▶ **Aim of the exercise**
Please output, exactly and without pictures, the lines from the opening of the listing below through the line containing "COC dokumenty pre", both included.
++++ The data ++++
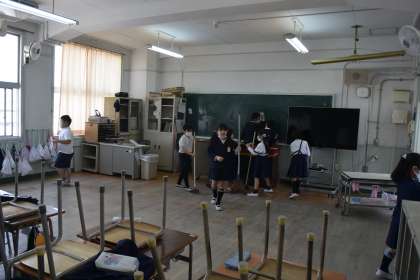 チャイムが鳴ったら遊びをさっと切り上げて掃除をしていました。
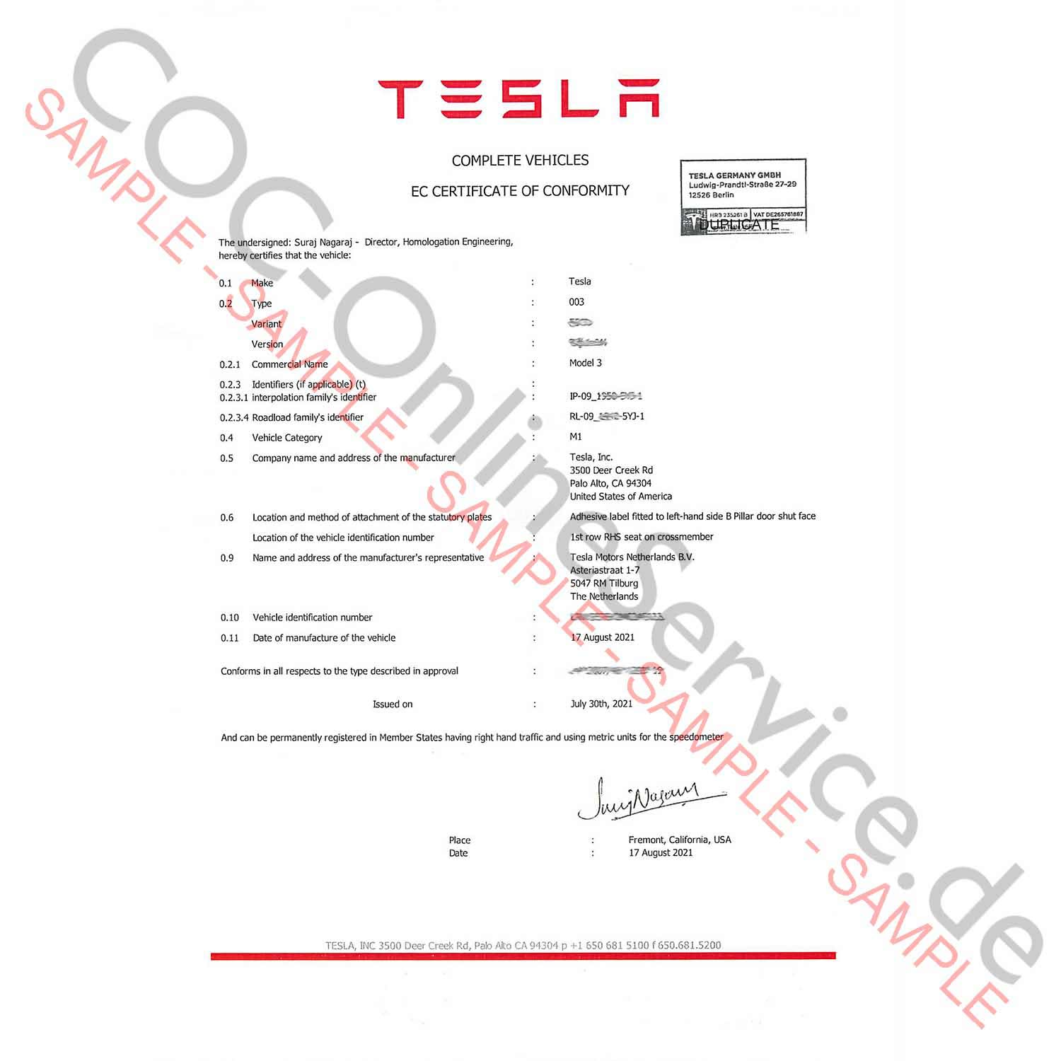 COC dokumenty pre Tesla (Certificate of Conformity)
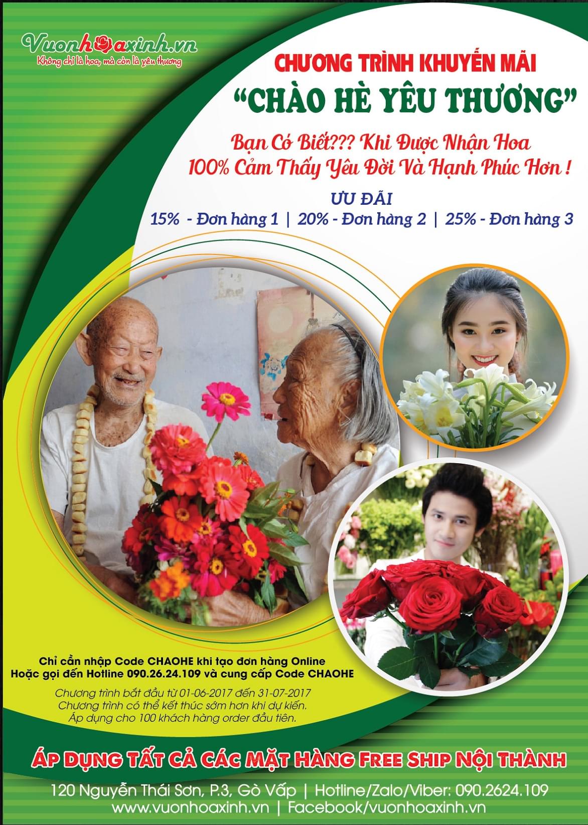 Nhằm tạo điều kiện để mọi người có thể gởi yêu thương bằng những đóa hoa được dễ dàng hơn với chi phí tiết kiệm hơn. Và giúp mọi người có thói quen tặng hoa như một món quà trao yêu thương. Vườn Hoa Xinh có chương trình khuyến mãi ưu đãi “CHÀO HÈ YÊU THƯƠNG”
++++
▶ **Solution for this task**
 チャイムが鳴ったら遊びをさっと切り上げて掃除をしていました。
 COC dokumenty pre Tesla (Certificate of Conformity)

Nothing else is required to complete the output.